Restate, word for word and with no pictures, the stretch of lines in the data below that begins at the line with "Stylish black zip" and ends at the line with "Father and his", inclusive.

Recorded data:
"""

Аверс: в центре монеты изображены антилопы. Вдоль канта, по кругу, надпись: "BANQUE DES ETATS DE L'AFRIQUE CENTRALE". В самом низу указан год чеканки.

"""
"""

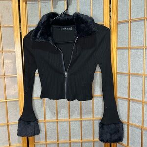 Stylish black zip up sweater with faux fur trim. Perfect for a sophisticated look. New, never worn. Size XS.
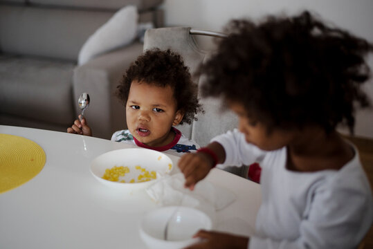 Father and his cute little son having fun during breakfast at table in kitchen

"""
"""

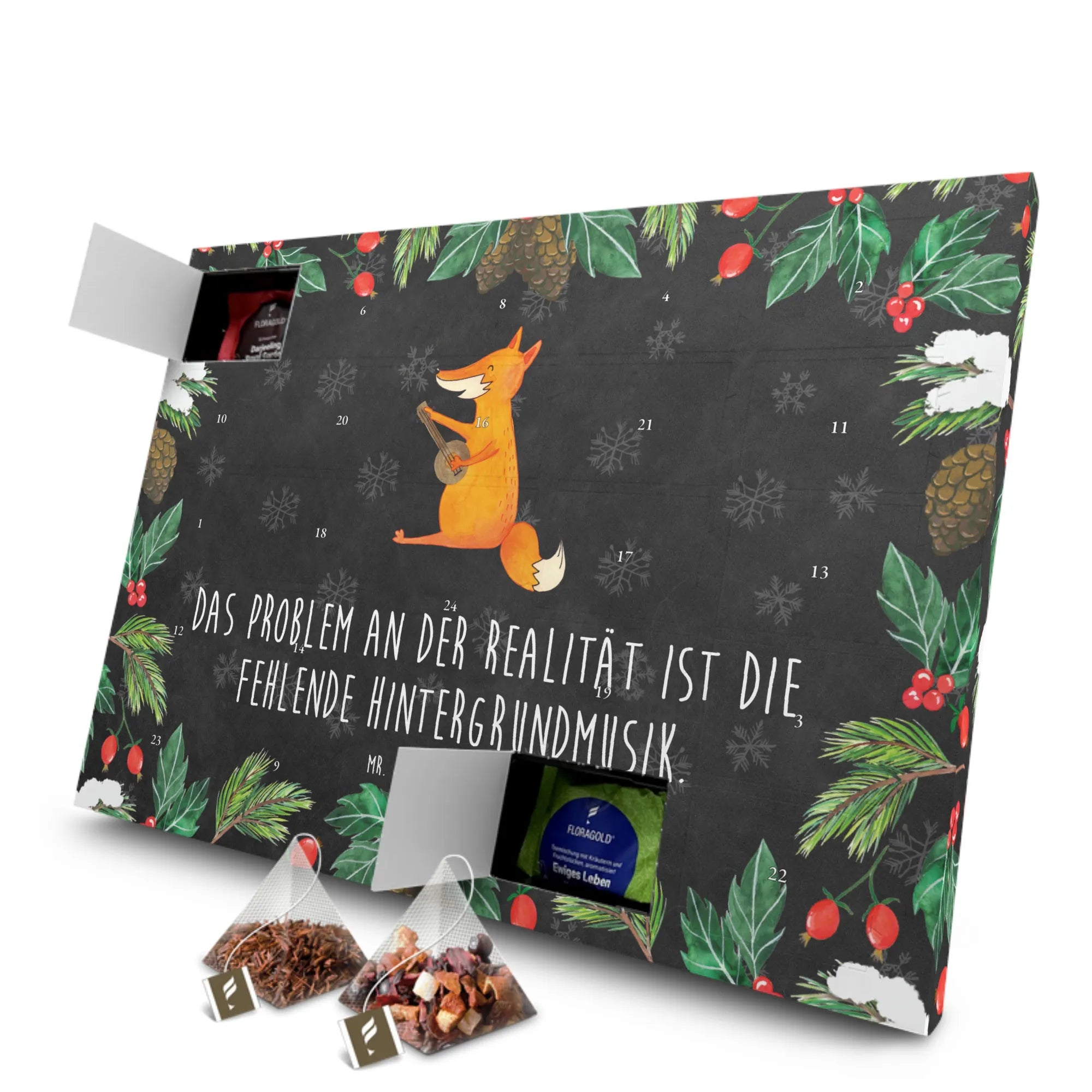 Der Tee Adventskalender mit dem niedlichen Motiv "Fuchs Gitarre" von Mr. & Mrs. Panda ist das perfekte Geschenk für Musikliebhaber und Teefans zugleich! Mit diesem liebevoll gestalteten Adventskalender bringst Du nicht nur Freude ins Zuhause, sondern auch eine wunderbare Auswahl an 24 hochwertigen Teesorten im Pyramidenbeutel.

"""

Response below:
 Stylish black zip up sweater with faux fur trim. Perfect for a sophisticated look. New, never worn. Size XS.
 Father and his cute little son having fun during breakfast at table in kitchen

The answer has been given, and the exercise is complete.